> _Exercise_
Please keep to the lines below from the one with "2.1.1980. Blue on" through the one with "Mots en Scène", and restate them word for word, ends included.

> _Data_
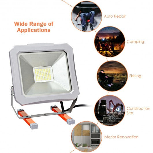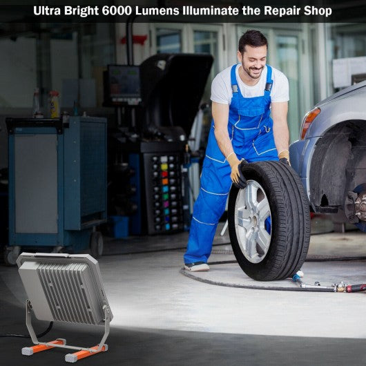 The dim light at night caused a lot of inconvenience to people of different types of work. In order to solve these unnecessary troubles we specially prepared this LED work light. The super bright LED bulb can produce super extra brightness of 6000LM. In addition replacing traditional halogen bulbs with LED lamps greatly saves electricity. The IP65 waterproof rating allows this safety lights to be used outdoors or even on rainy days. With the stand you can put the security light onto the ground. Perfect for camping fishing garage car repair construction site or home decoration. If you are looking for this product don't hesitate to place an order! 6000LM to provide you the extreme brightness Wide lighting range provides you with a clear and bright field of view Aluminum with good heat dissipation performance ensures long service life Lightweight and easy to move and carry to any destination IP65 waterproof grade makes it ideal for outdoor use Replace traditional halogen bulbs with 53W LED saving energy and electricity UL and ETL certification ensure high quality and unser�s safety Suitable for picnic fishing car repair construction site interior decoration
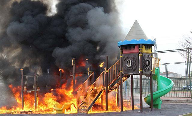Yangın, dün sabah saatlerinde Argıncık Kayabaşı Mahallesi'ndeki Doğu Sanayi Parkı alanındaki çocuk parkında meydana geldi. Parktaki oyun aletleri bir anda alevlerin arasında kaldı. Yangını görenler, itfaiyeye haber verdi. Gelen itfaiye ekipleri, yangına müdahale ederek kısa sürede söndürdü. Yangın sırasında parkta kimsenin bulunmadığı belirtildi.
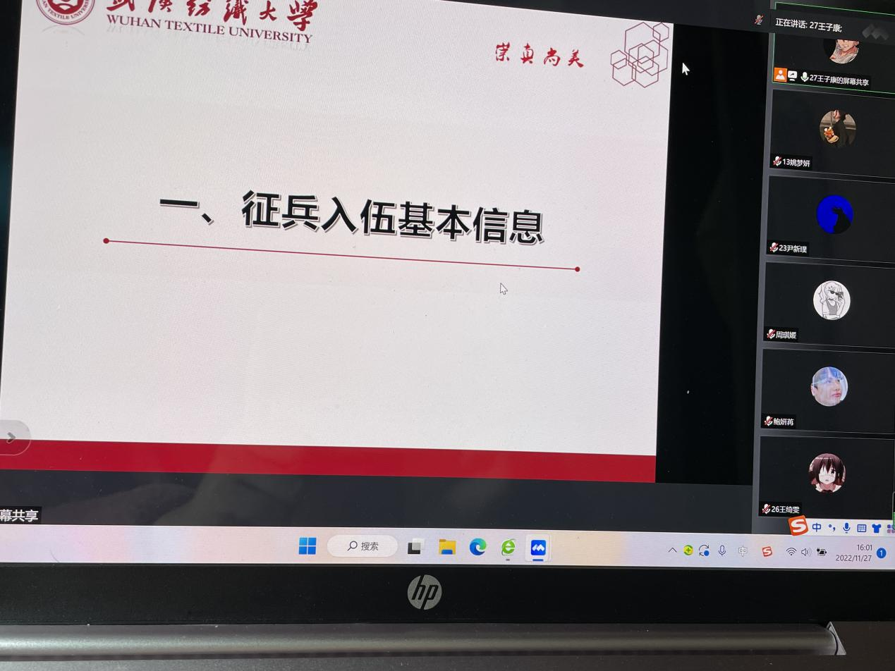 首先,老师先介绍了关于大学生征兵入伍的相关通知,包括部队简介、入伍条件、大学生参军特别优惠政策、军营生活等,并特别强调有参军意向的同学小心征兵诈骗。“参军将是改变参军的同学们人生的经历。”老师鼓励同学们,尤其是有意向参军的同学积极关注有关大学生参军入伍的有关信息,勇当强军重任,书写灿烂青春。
---
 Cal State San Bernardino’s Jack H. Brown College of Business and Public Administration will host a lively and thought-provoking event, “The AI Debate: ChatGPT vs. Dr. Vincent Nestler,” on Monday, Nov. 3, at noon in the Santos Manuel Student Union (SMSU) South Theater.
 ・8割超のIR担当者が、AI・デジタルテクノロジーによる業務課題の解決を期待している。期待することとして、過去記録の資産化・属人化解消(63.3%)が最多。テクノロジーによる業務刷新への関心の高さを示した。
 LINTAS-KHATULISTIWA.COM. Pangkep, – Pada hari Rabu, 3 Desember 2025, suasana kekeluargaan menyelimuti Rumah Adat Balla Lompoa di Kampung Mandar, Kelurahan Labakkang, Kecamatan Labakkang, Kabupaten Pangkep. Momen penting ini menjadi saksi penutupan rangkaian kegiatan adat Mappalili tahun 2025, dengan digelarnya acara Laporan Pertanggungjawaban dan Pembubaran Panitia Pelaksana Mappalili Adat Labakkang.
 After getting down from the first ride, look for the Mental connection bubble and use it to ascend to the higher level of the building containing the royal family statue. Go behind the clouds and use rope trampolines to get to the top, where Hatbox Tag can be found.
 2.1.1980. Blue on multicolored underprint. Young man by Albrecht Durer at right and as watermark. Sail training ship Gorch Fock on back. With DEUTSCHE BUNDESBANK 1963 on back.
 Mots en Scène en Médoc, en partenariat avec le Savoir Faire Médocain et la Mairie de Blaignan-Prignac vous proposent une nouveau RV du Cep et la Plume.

> _Answer box_
 2.1.1980. Blue on multicolored underprint. Young man by Albrecht Durer at right and as watermark. Sail training ship Gorch Fock on back. With DEUTSCHE BUNDESBANK 1963 on back.
 Mots en Scène en Médoc, en partenariat avec le Savoir Faire Médocain et la Mairie de Blaignan-Prignac vous proposent une nouveau RV du Cep et la Plume.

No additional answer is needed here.